BEGIN The input

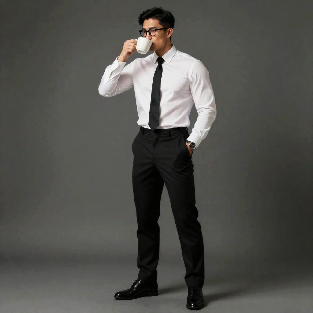A full-body image of a young Asian man wearing a long-sleeve white dress shirt, black tie, and black suit pants, standing against a gray background. He is wearing black glasses and black formal shoes, holding a white coffee cup close to his mouth and drinking from it. The photo features soft lighting and a subtle film grain effect, capturing a professional and stylish look.
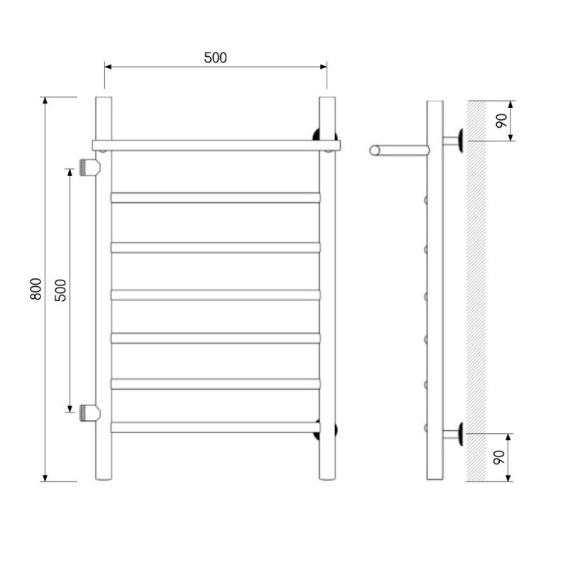 Полотенцесушитель водяной Laris Классик 73208025ЧМ левый с полкой П7 50x80см чёрный матовый
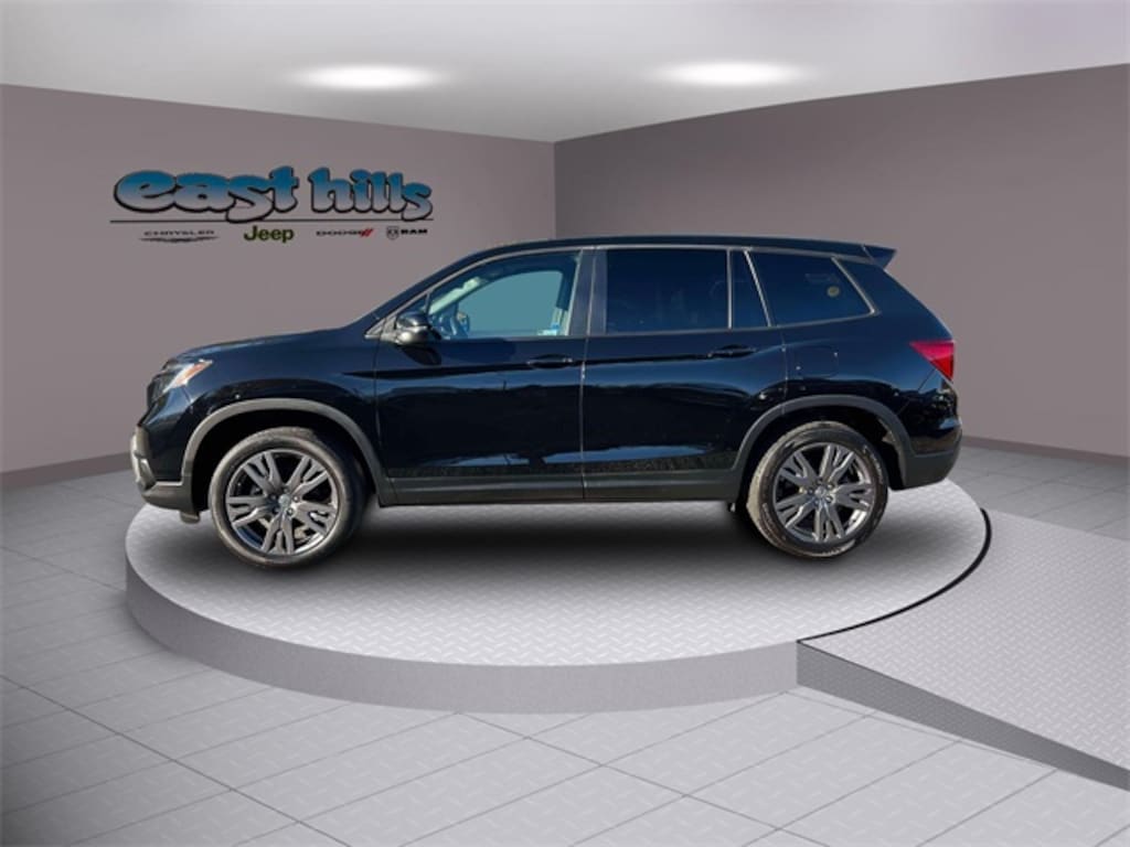 CARFAX One-Owner. Crystal Black Pearl 2021 Honda Passport EX-L 3.5L V6 24V SOHC i-VTEC 9-Speed Automatic AWD 4-Wheel Disc Brakes, A/V remote: CabinControl, ABS brakes, Air Conditioning, Alloy wheels, AM/FM radio: SiriusXM, Apple CarPlay/Android Auto, Auto High-beam Headlights, Auto-dimming Rear-View mirror, Automatic temperature control, Blind Spot Information (BSI) System warning, Brake assist, Driver's Seat Mounted Armrest, Dual front impact airbags, Dual front side impact airbags, Electronic Stability Control, Emergency communication system: HondaLink Assist, Exterior Parking Camera Rear, Forward collision: Collision Mitigation Braking System (CMBS) + FCW mitigation, Four wheel independent suspension, Front anti-roll bar, Front dual zone A/C, Front fog lights, Fully automatic headlights, Heated Front Bucket Seats, Lane departure: Lane Keeping Assist System (LKAS) active, Leather-Trimmed Seats, Low tire pressure warning, Memory seat, Occupant sensing airbag, Outside temperature display, Overhead airbag, Power driver seat, Power Liftgate, Power moonroof, Power passenger seat, Radio: 215-Watt Audio System w/7 Speakers, Rear air conditioning, Rear anti-roll bar, Remote keyless entry, Security system, Speed-sensing steering, Split folding rear seat, Steering wheel mounted audio controls, Traction control, Wheels: 20" Split-Spoke Pewter Gray Alloy.
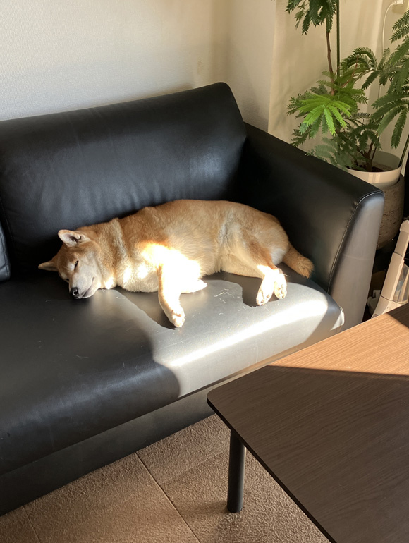 そして、朝食後は陽の入るリビングルームで、ポチは日向ぼっこを楽しんでいました。
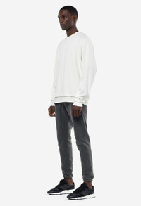 Relaxed fit sweatpants that taper to an elasticated cuff at the ankle. Super heavyweight 26 oz. terry with a soft fleeced backside. Elastic waist with tonal drawstring closure, two pockets at the front, and one patch pocket at the right back. Made in Los Angeles. The Replica Collection is informed by John's early days in San Francisco. During his time on Haight Street, vintage references were accumulated that would become foundational blocks for our brand. Replica Fleece is our version of heavyweight sweats circa the 1970's. These garments feature a clean face that's washed out, and are something we feel is an important pillar for anyone's wardrobe. 100% Cotton FABRIC & FIT Fits true to size, take your normal size. Model is 6'2" 160 lbs with a 30" waist and wears a size 2 / Medium. CARE GUIDE Machine wash cold, gentle cycle. Hang to dry.
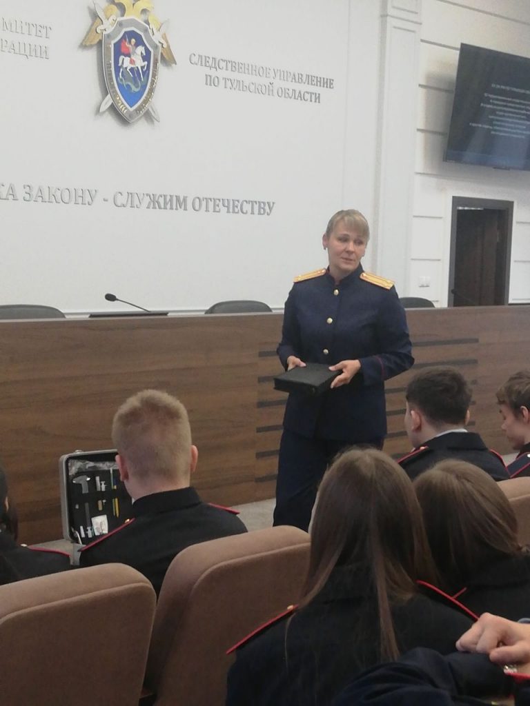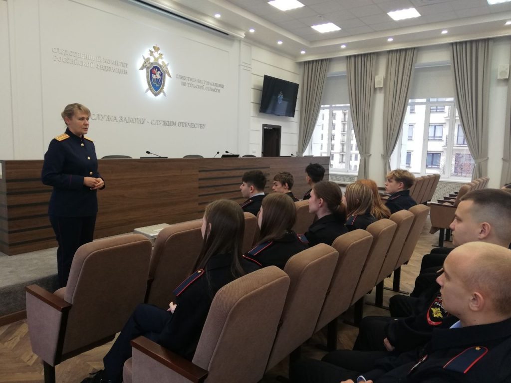 13 ноября сотрудники следственного управления СК РФ по Тульской области провели профориентационное мероприятие со студентами 2 курса экономико-правового отделения, обучающимися по специальности 40.02.02 Правоохранительная деятельность, группы ПД-42.
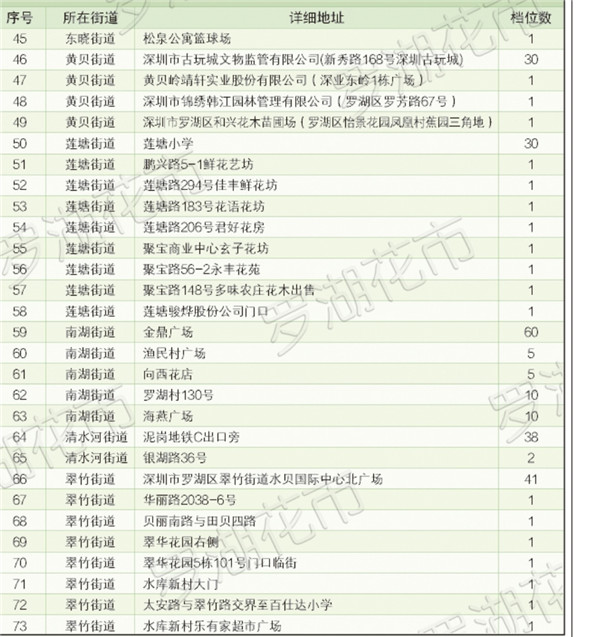 羅湖區(qū)共開設(shè)近500個花市鋪位,遍布全區(qū)10個街道,近40個社區(qū)。同時,羅湖區(qū)還特別制作了花市地圖,最大限度的方便市民就近購花。
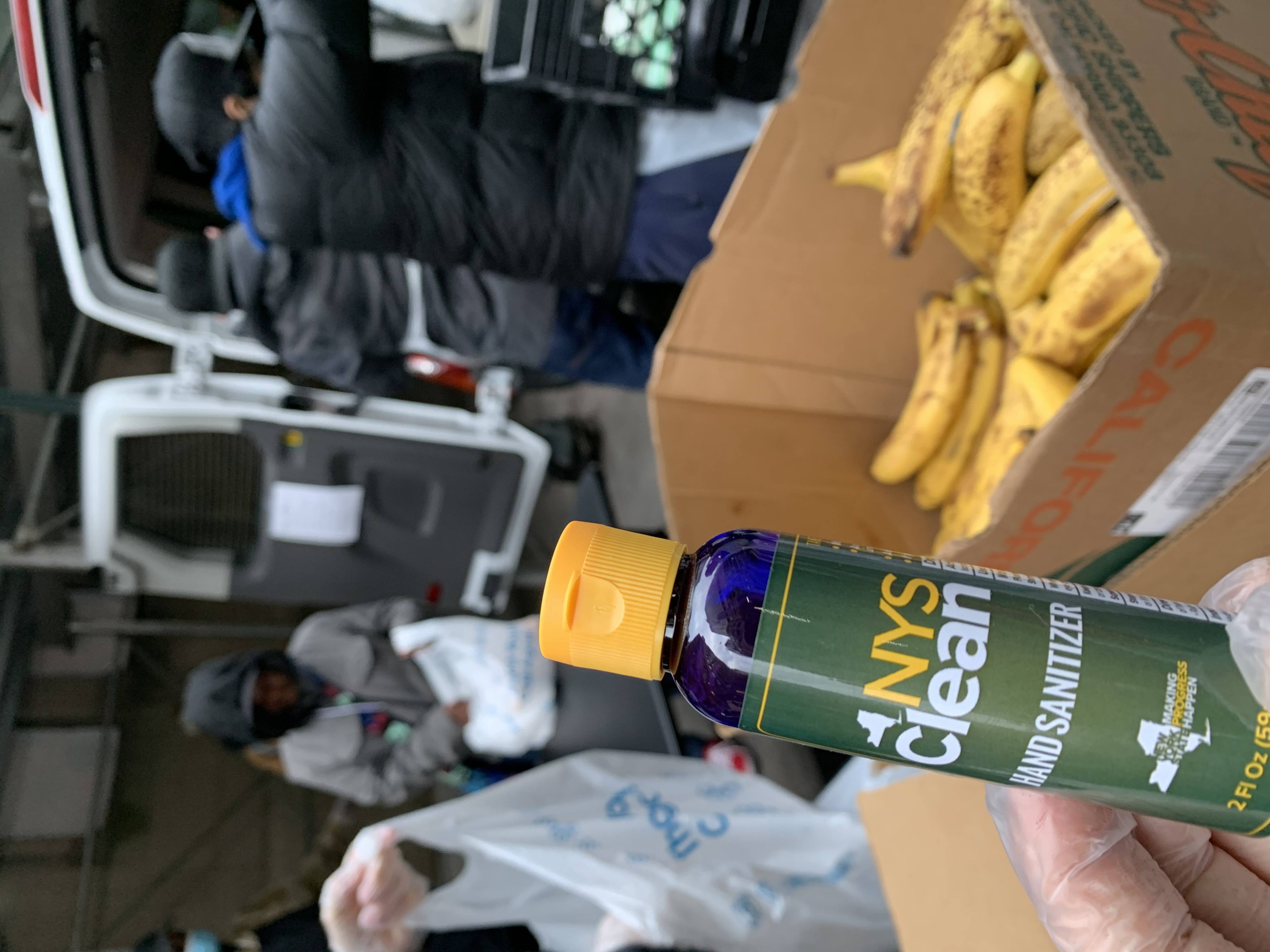 blue bottle that reads NYS Clean HAND SANITIZER box of bananas

END The input

**Description of the task**
Give again, word for word, the line containing "13 ноября сотрудники" and every line after it to the end of the records; leave out the pictures.

**Answer to the exercise**
 13 ноября сотрудники следственного управления СК РФ по Тульской области провели профориентационное мероприятие со студентами 2 курса экономико-правового отделения, обучающимися по специальности 40.02.02 Правоохранительная деятельность, группы ПД-42.
 羅湖區(qū)共開設(shè)近500個花市鋪位,遍布全區(qū)10個街道,近40個社區(qū)。同時,羅湖區(qū)還特別制作了花市地圖,最大限度的方便市民就近購花。
 blue bottle that reads NYS Clean HAND SANITIZER box of bananas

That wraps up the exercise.